This weekend’s MLS action was tainted by the continued insistence of the league not to break or at the very least reduce its schedule for international matches. Landon Donovan, Brad Guzan, Mo Edu, Frankie Hejduk and Rico Clark should not have to take a long flight after one international match only to take a similar length flight after the MLS match back to Europe. But it wasn’t simply Americans who were inconvenienced by MLS’ scheduling this weekend: if it were simply Americans I suppose it would be alright. Six Canadian players were busy battling mighty Brazil while several other MLS players were scattered throughout the world playing for their countries. Amado Guevara, Ivan Guerrero and their Honduran team mates were in my neck of the woods in Fort Lauderdale facing Venezuela. Kei Kamara and Bouna Counduil were in Africa for World Cup qualifiers, and Carl Robinson was in Wales to face Holland in the final tune up for the Dutch before the Euros begin. Several other MLS players were also absent this past weekend and will be absent for several matches in the next month.
MLS is watering down its product and cheating its fans, players and management by making no effort to resolve its scheduling issues during this period. The on the field product while acceptable isn’t what it should be during this period and that makes the whole situation laughable.

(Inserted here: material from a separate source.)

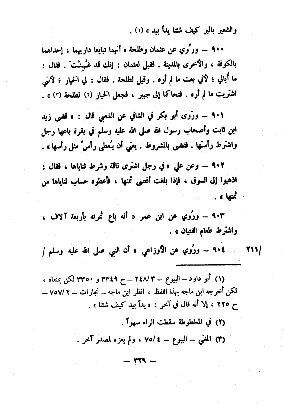 901- ورَوَى أبو بكر في الشافي عن الشعبي قال: "قضى زيد بن ثابت وأصحاب رسول الله صلى الله عليه وسلم في بقرة باعها رجل واشترط رأسَها. فقضى بالمشروط. يعني أن يُعْطَى رأسٌ مثل رأسها. ".

Why MLS cannot change its scheduling practices is beyond me. For the first time since the inaugural season of 1996, MLS has a great number of players who are active on their respective national teams and whose presence as full internationals enhances the reputation of the league. But all of this jeopardized if the league does not make it possible for footballers to perform for both their club and country without conflict.
Some other thoughts:
- Jeff Cunningham had a great finish for TFC’s second goal but didn’t finish his other opportunities leaving me to believe Cunningham is most certainly in decline and may not after all catch Jaime Moreno and Ante Razov as the top two MLS scorers all time.

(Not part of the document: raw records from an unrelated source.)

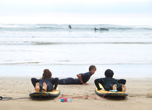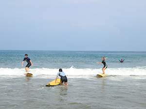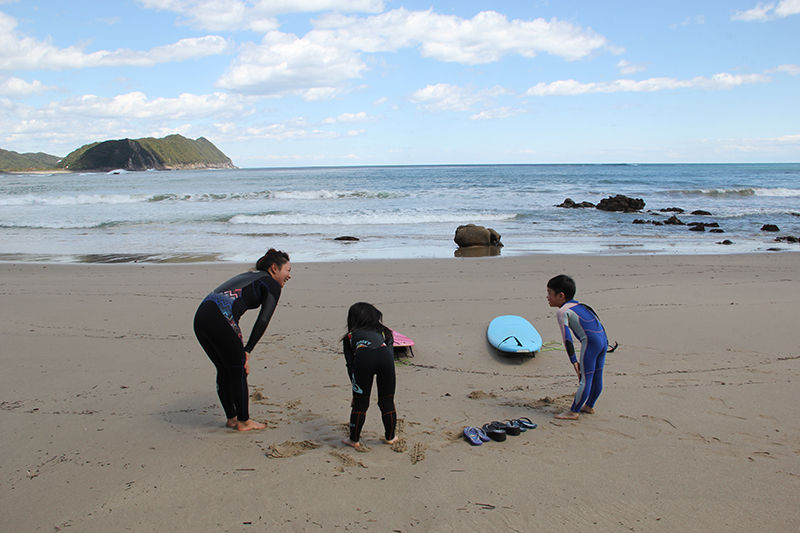 砂浜で準備体操やサーフィンの基本動作のレクチャーをしてから、海に入ります。
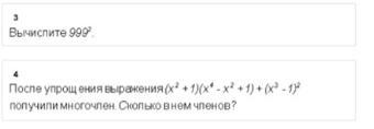 2) (х²+1)(х⁴-х²+1)+(х³-1)²=х⁶+1+х⁶-2х³+1==2х⁶-2х³+2 - членов три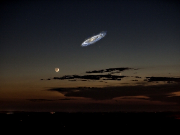 Jednostavno, da je sjajnija galaksija Andromeda bi bila skoro 6 puta veća od Meseca. Poređenja radi Mesec je udaljen u proseku 384 000 km i ima prečnik oko 3450 km, dok je Andromeda udaljena oko 2,2 miliona svetlosnih godina i ima prečnik oko 110 000 svetlosnih godina. Teško je zamisliti te razmere, ali vredi pokušati.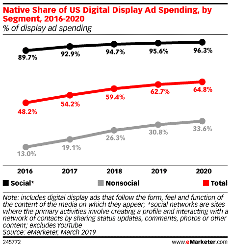 在社交网站的推动下,原生广告占展示广告支出的近2/3。

- The Galaxy’s young guns didn’t get a result without Landon Donovan and David Beckham Saturday but certainly showed they could hold their own and create scoring chances. Now I am of the belief that Beckham is less valuable to the team than Donovan and thus getting Becks back next weekend will not solve all the problems the team has.
- Chivas USA is on a roll and what more can you say about the Sueno MLS program? Jorge Flores is not only a good MLS player, he could be solution for the national team and this kid flew completely under the radar for years. That’s a failure of the USSF’s development programs.
- Jesse Marsch is having a renaissance in 2008. Marsch is a winner: he’s never been on a bad team in his 13 year MLS career and he wasn’t about to allow this year’s Chivas team to go down the tubes.
- Tam MacManus is quickly becoming one of my favorite MLS players and his game winning goal was a thing of beauty.
- FC Dallas is in troubl: we already knew that, but solving the trouble may be as simple as incorporating Dominic Oduro and Abe Thompson in the attacking flow rather than dallying around in the midfield. In other words the Hoops unlike the other struggling teams in MLS may not need a talent upgrade: they need a change in philosophy.
- Columbus looks listless and now is scoreless in close to 300 minutes.
- Houston without Onstad and DeRo record a clean sheet against the Red Bulls. It helps that Juan Pablo Angel wasn’t playing.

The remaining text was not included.